You're right, Java 6 gained 5% on 20th March :) Daily stats are however quite stable around 40/60:

2013-03-18: Java Main Version --> 6 (659, 37.5%) 7 (1094, 62.3%) 8 (2,  0.1%)
2013-03-19: Java Main Version --> 6 (903, 43.4%) 7 (1174, 56.4%) 8 (4,  0.2%)
2013-03-20: Java Main Version --> 6 (1227, 49.6%) 7 (1245, 50.3%) 8 (2,  0.1%)
2013-03-21: Java Main Version --> 6 (773, 43.2%) 7 (1014, 56.7%) 8 (1,  0.1%)
2013-03-22: Java Main Version --> 6 (747, 39.8%) 7 (1126, 60.0%) 8 (3,  0.2%)
2013-03-23: Java Main Version --> 6 (625, 37.9%) 7 (1022, 62.0%) 8 (1,  0.1%)
2013-03-24: Java Main Version --> 6 (540, 34.7%) 7 (1014, 65.1%) 8 (3,  0.2%)
2013-03-25: Java Main Version --> 6 (779, 40.9%) 7 (1122, 58.9%) 8 (3,  0.2%)
2013-03-26: Java Main Version --> 6 (823, 41.0%) 7 (1181, 58.8%) 8 (3,  0.1%)
2013-03-27: Java Main Version --> 6 (676, 38.1%) 7 (1097, 61.8%) 8 (1,  0.1%)
2013-03-28: Java Main Version --> 6 (767, 40.6%) 7 (1117, 59.2%) 8 (3,  0.2%)

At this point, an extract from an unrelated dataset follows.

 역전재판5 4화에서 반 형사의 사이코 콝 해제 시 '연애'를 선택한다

We should probably add the OS text to the User-Agent string, so we can do OS statistics in future.

OK, I will look into it :)

in reply to:  10 ; comment:13 by Don-vip, 11 years ago

Replying to skyper:

Debian 7 (wheezy) will still have openjdk-6 as default. Openjdk-7 is also available but it won't be installed automatically for the next two to three years.

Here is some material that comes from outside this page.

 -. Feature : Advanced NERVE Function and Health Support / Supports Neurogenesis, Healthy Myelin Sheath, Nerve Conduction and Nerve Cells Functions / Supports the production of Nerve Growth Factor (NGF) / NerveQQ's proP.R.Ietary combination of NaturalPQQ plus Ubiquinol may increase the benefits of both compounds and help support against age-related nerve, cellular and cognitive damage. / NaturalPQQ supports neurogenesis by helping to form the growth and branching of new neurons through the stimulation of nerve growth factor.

People using Debian usually know how to install another package ;) I won't see this as a problem when more than 95% of our users will use Java 7, even if default Debian Java remains stucked to version 6.

in reply to:  13 comment:14 by skyper, 11 years ago

Replying to Don-vip:

Replying to skyper:

Debian 7 (wheezy) will still have openjdk-6 as default. Openjdk-7 is also available but it won't be installed automatically for the next two to three years.

People using Debian usually know how to install another package ;) I won't see this as a problem when more than 95% of our users will use Java 7, even if default Debian Java remains stucked to version 6.

Don't forget that user does not always have admin rights nor might he/she an admin at all.
The figures above almost level up at 50:50 on active days and power user seem to use java7.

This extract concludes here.